Montel Williams-Endorsed MoneyMutual To Pay $2.1M Penalty

moneymutualFor years, TV personality Montel Williams has been the daytime TV face of payday loan lead generation service MoneyMutual, even as it faced investigations from federal and state agencies. Just a few days ago, Montel got into a Twitter spat with a woman who questioned why he was acting as a spokesperson the company, and showed that maybe he needed a refresher course on annual percentage rates. But as part of a deal with regulators in New York state, Montel will no longer market payday loans in the state and MoneyMutual will pay a $2.1 million penalty to settle allegations that it illegally marketed payday loans to New York residents.

[CORRECTION: This story initially stated that Montel was barred from appearing in ads for MoneyMutual. In fact, he is only prohibited from marketing the service as it pertains to New York state. The story has been corrected to reflect this information.]

MoneyMutual and other purely lead-generation companies don’t offer the loans directly to consumers but instead operate online portals that connect loan applicants with lending services.
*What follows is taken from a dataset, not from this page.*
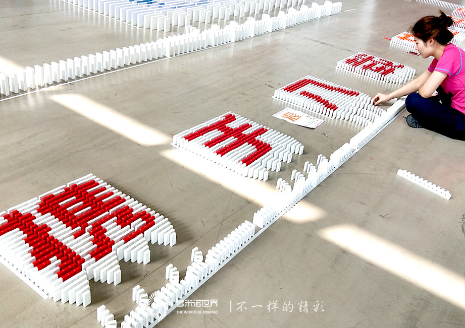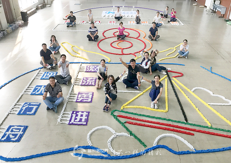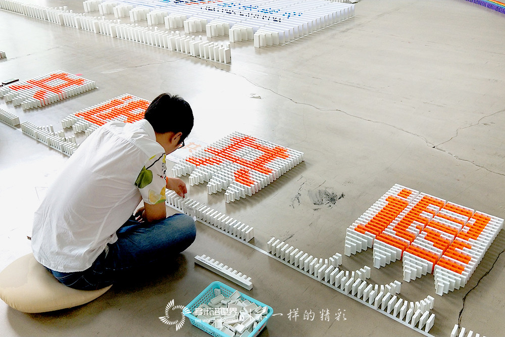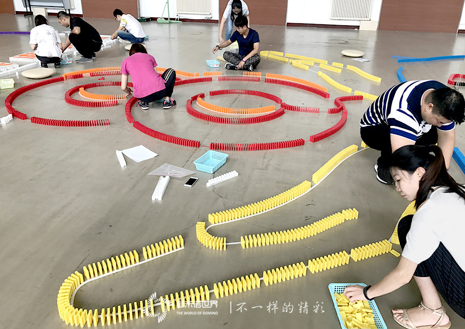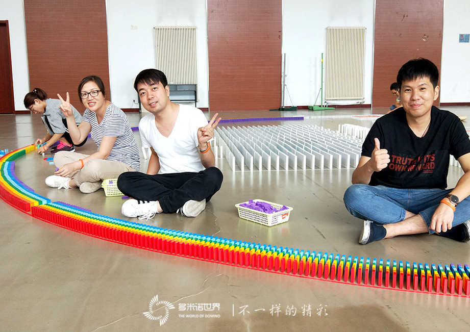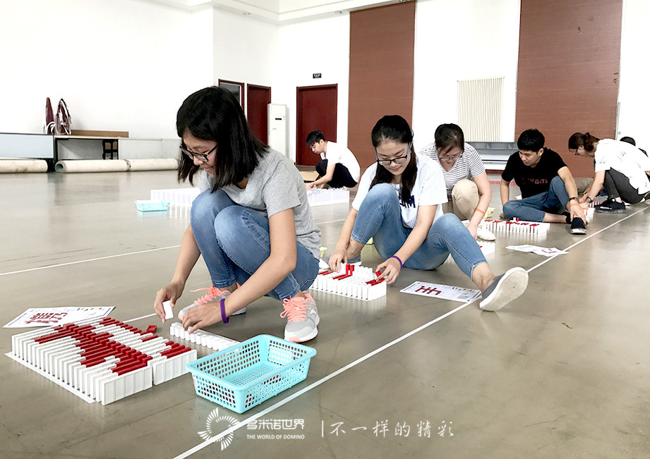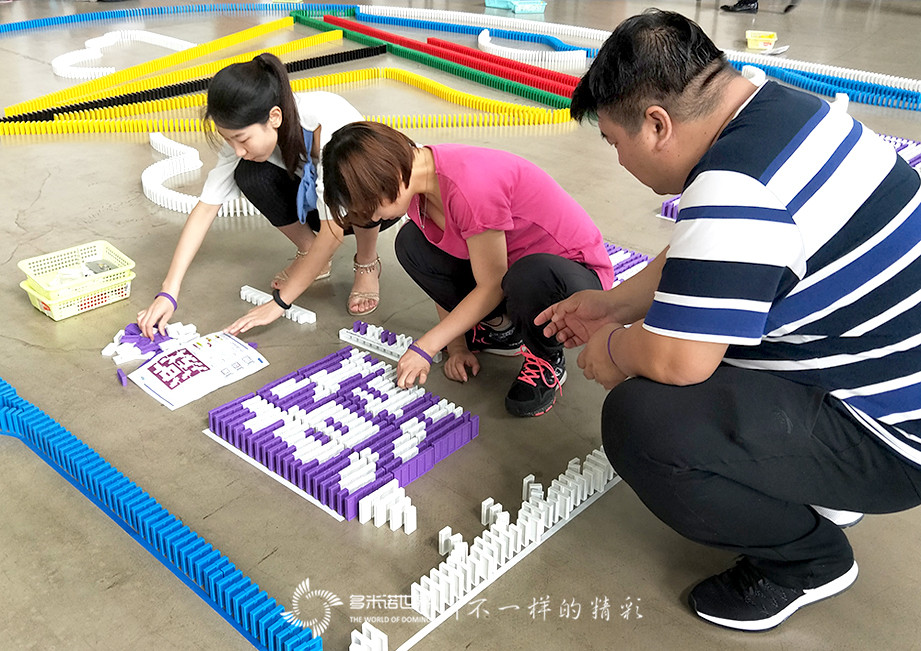 在骨牌码放过程中,大家严格按要求控制骨牌间距,仔细照图纸码放每一幅图案,虽然偶有意外发生,却没有听到队员间的半句埋怨,而是同心协力、从头再来,展现了良好的团队风貌。超大的任务量,不但没有给队员们带来压力,还成为了大家永不停歇的动力,每位完成任务的队员不是马上找到队长再领取下一个任务,就是主动来到还在码放骨牌的队员身边“协同作战”。

Since payday loans are illegal in New York, lead-generators should not be facilitating these loans. In 2013, the state issued subpoenas to more than a dozen of these companies to investigate whether they were marketing illegal loans to New York residents. The enforcement action against MoneyMutual (aka Selling Source) is the first of its kind for the state.

In addition to the $2.1 million penalty, MoneyMutual’s agreement [PDF] with the state Dept. of Financial Services requires that Montel cease marketing the company in New York, and that MoneyMutual end its lead-generation activities in the state. It must also provide new warnings and disclosures to consumers.

According to DFS, MoneyMutual sold leads containing the personal information of approximately 800,000 New York residents for the purpose of connecting them with loans with APRs ranging from, per MoneyMutual’s own words, “between 261% and 1304%.”

Not only did these loans have interest rates upwards of 82 times the state maximum, the majority of MoneyMutual customers were repeat borrowers stuck in a debt trap. By the CEO’s own admission, at least “55% of the people that come into MoneyMutual are ‘repeat clients;'” while the company’s lender clients reported a “60 to 70%” repeat borrower rate. The real money was in targeting so-called “Gold” customers who repeatedly took out new loans to pay off the old ones.

In ads, Montel referred to MoneyMutual as “the only source you can trust for finding a short term loan quickly and easily.” His status as a respected TV personality gave the company instant credibility for some borrowers.

“Using Mr. Williams’ reputation as a trusted celebrity endorser, MoneyMutual marketed loans to struggling consumers with sky-high interest rates – sometimes in excess of 1,300% – that trapped New Yorkers in destructive cycles of debt,” DFS Superintendent Benjamin Lawsky said in a statement.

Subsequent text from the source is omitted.